YOUR GOAL
Write out, word for word and with no pictures, each line below from the one containing "- تصميم فاخر: نوافذ" through the one containing "Mille Millet Blueberry", both included, and no other line.

PROVIDED RECORDS
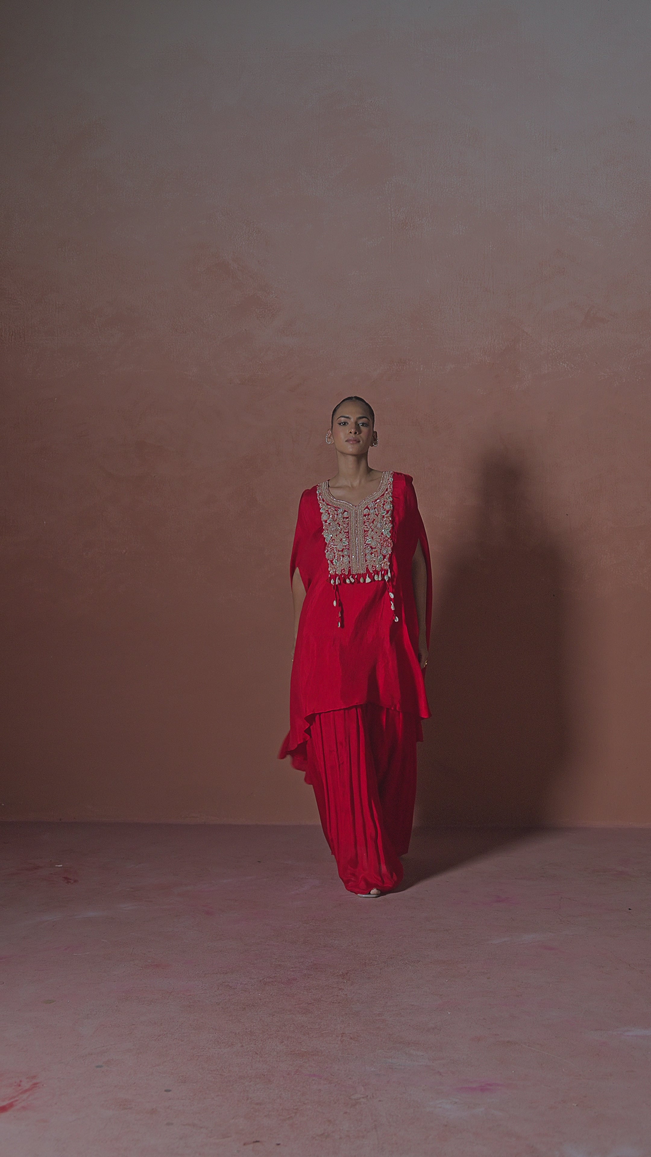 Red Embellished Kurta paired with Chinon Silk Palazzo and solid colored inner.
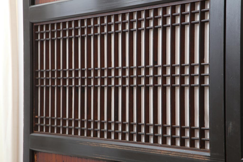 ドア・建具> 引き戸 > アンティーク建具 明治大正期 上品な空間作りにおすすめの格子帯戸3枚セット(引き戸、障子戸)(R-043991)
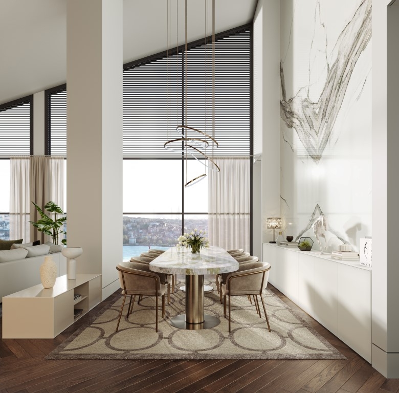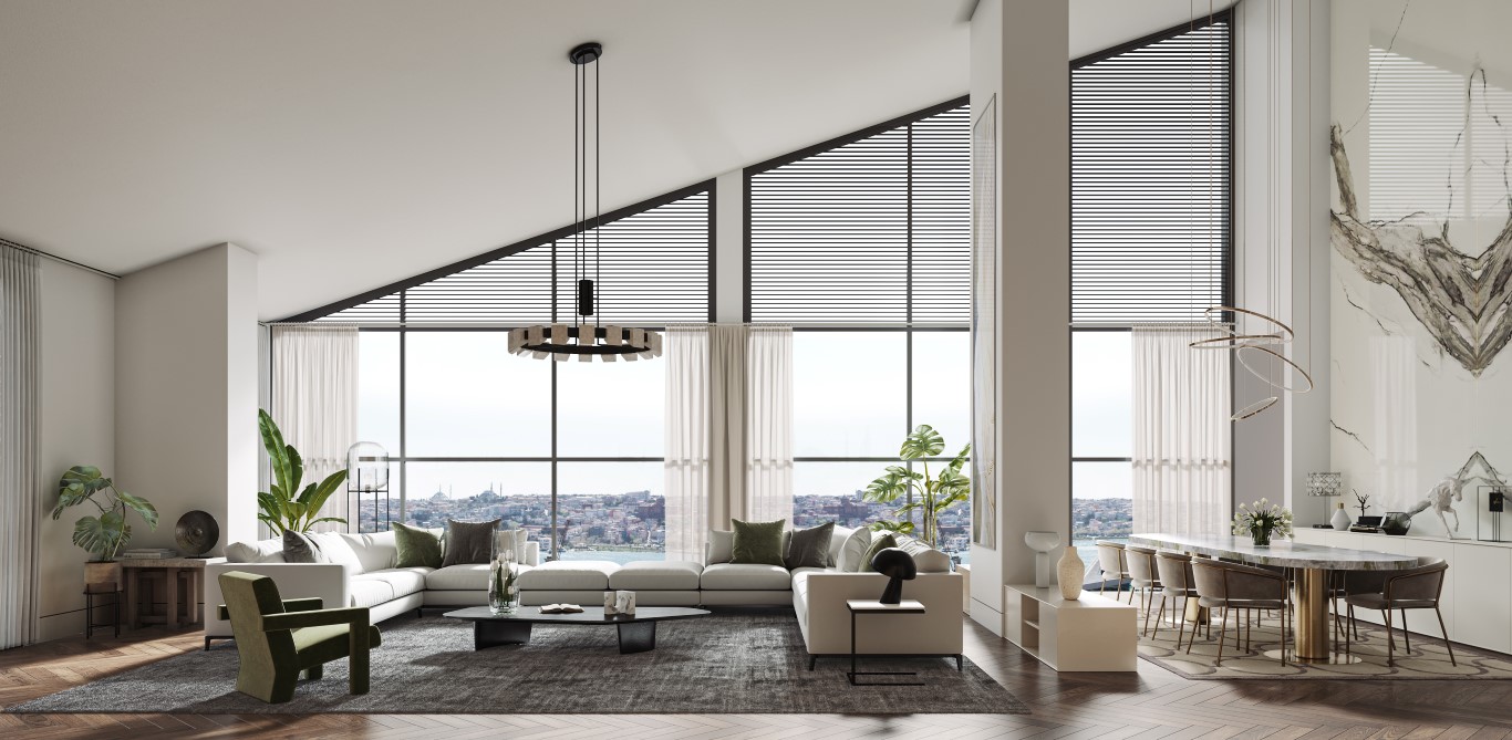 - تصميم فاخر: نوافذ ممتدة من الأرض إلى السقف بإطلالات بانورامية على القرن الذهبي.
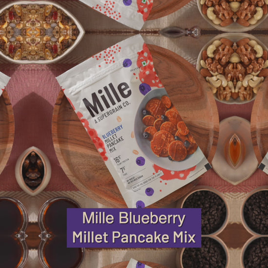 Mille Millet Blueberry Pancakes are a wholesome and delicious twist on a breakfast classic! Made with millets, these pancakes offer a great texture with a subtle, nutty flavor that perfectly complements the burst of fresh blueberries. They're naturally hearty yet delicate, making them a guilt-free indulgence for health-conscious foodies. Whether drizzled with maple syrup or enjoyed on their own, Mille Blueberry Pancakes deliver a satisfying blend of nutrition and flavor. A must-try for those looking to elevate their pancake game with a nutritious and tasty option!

--

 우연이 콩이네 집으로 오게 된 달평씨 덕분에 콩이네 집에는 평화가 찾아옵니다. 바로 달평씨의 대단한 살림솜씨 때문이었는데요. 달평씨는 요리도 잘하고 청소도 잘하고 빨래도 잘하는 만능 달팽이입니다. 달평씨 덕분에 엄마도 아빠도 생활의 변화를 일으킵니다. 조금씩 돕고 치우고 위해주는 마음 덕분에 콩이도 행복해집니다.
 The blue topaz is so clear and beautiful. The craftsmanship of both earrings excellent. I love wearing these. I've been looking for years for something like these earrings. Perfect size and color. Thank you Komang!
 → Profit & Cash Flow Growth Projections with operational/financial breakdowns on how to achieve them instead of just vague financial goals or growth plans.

THE ANSWER
 - تصميم فاخر: نوافذ ممتدة من الأرض إلى السقف بإطلالات بانورامية على القرن الذهبي.
 Mille Millet Blueberry Pancakes are a wholesome and delicious twist on a breakfast classic! Made with millets, these pancakes offer a great texture with a subtle, nutty flavor that perfectly complements the burst of fresh blueberries. They're naturally hearty yet delicate, making them a guilt-free indulgence for health-conscious foodies. Whether drizzled with maple syrup or enjoyed on their own, Mille Blueberry Pancakes deliver a satisfying blend of nutrition and flavor. A must-try for those looking to elevate their pancake game with a nutritious and tasty option!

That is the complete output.